The Ten Worst Movie Taglines of 2012
An effective tagline can be the most important part of a marketing campaign, a concise abstract of the film’s plot and tone, the “I Like Ike” of a moviegoers’ most anticipated short list. Most are not.
Most movie taglines fall somewhere between mediocre and passable. Far too many read like an afterthought to a trailer, or a few extra words for some poor graphic designer to squeeze onto a poster somewhere.
It’s not just the lousy movies either, though they are often the most egregious. Sometimes bad taglines happen to good movies, as with last year’s 50/50 (“It takes a pair to beat the odds”). For that reason, many award-caliber movies steer clear by eschewing taglines altogether—too risky. Rather they’ll string together a wall of praise from noteworthy critics, or stamp “A Steven Spielberg Film” on it and post a really big picture of Daniel Day-Lewis‘ head in greyscale.
Probably the most vital tagline to a movie release this year was The Bourne Legacy‘s ubiquitous “There was never just one,” and that wasn’t even especially inspired.
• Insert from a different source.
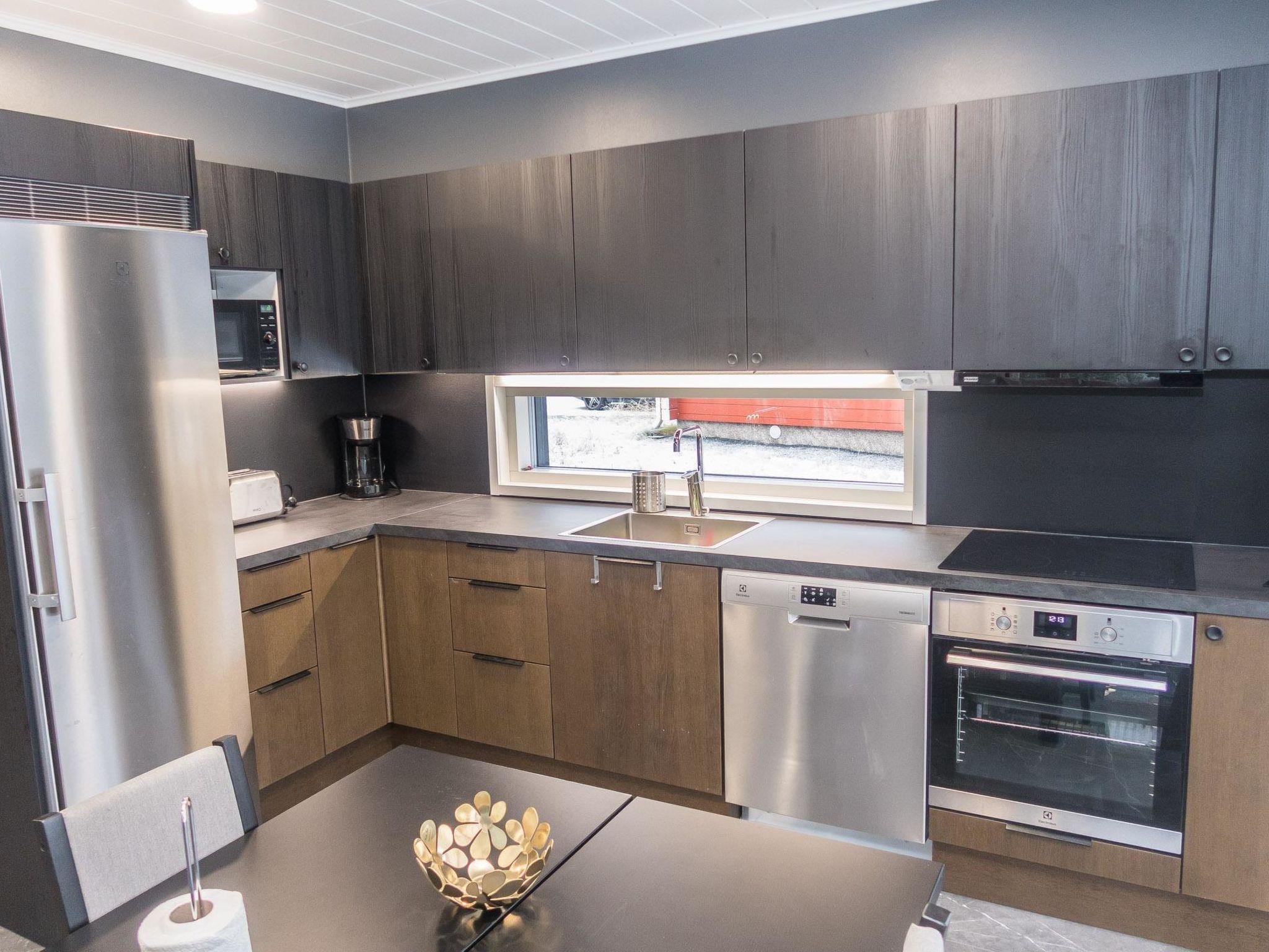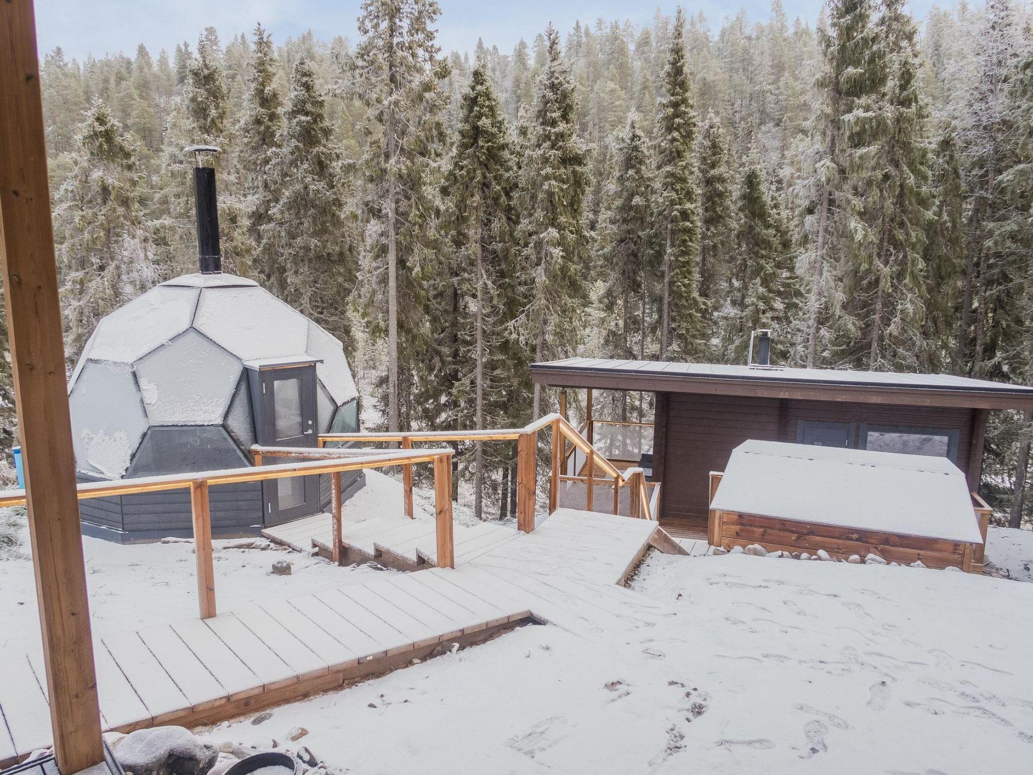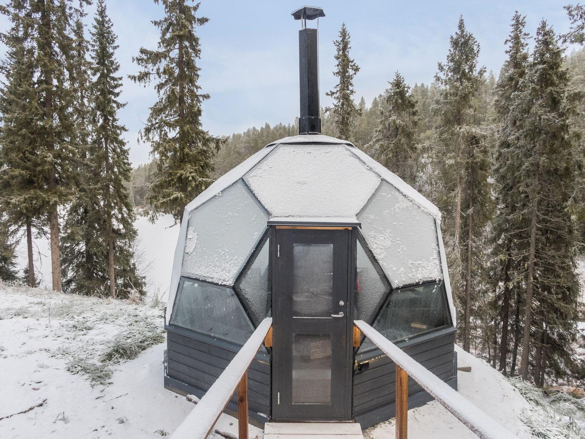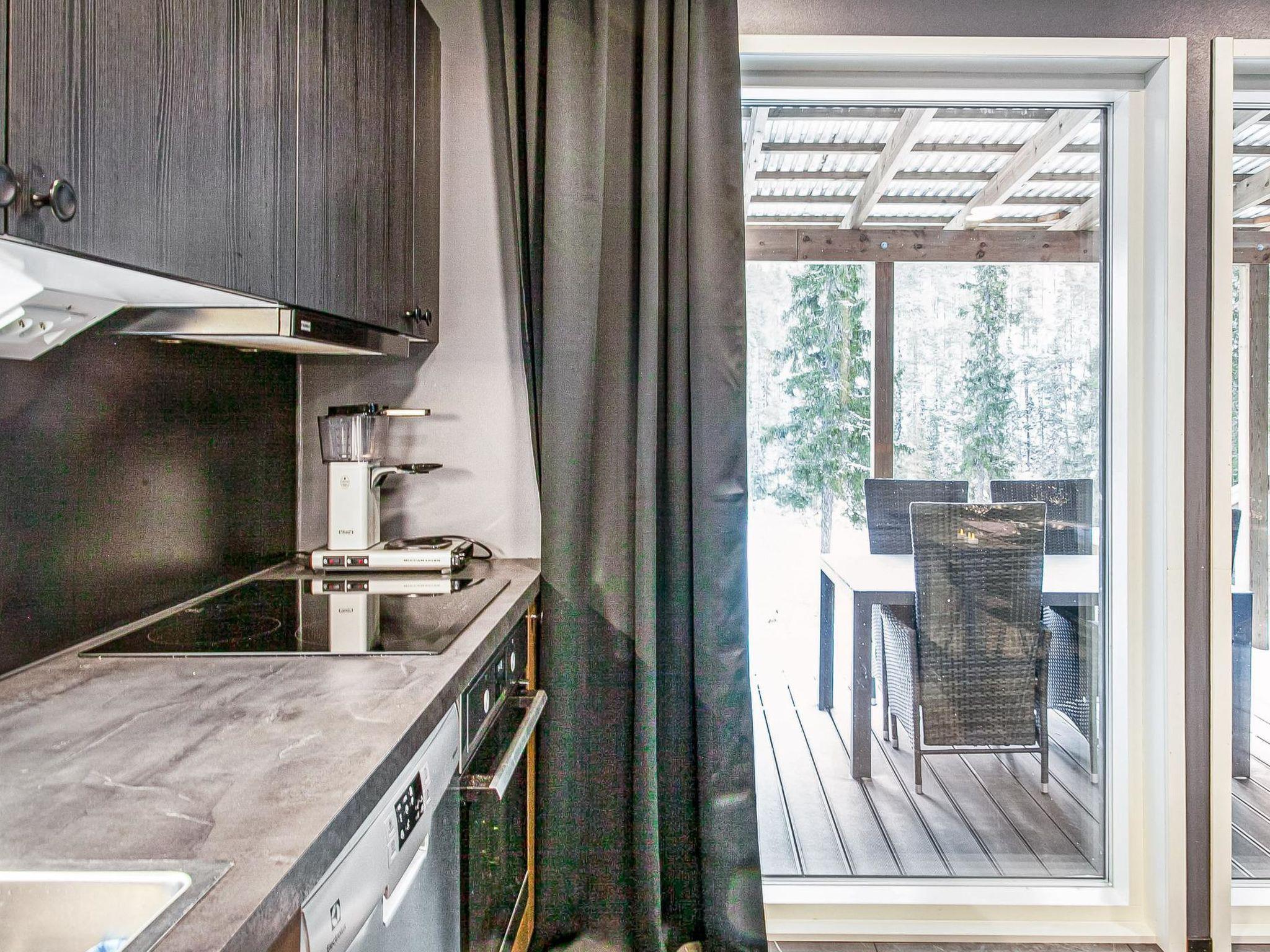 Stylish and spacious cabin by the pond Salmilampi, close to services of Ruka. All 5 bedrooms of the cabin are located upstairs. Three bedrooms have 2 separate beds and two have bunk beds. There is an electric sauna in the cabin. Wood-heated lakeside sauna with facilities for resting can be rented at additional cost. A glazed cooking hut is available for customers. Hydromassage bath outdoors on the cottage terrace for additional fee.

It got its point across, though, even if that meant alienating some fans of the previous films.
For your amusement I have compiled here the Ten Worst Taglines of 2012. They are the most unimaginative, the clumsiest, most nonsensical and least effective of the lot. This list is entirely subjective; we have not as yet perfected a primary metric for stupid. Thus a few truly awful ones narrowly escaped this list either for being just close enough to the spirit of their movie to counteract their inherent awfulness (i.e. Pitch Perfect: “Get pitch slapped”) or so inconsequential as to be nigh invisible (i.e. The Expendables 2: “Back for war”).
Perhaps someday we’ll follow up with a list of the year’s Ten Best Taglines, but alas, it’s an accomplishment just to name five…
Is it real Is it recall
Let’s take a moment to appreciate punctuation by giving glance to this awkward tag. Is it exclamatory? Is it interrogative! And how!
While the movie-makers ostensibly wished their viewers to question reality, viewers instead merely questioned were they to question. Meanwhile typography nerds quietly debated amongst themselves just how many standard spaces one might require to intone the same effect as an em dash.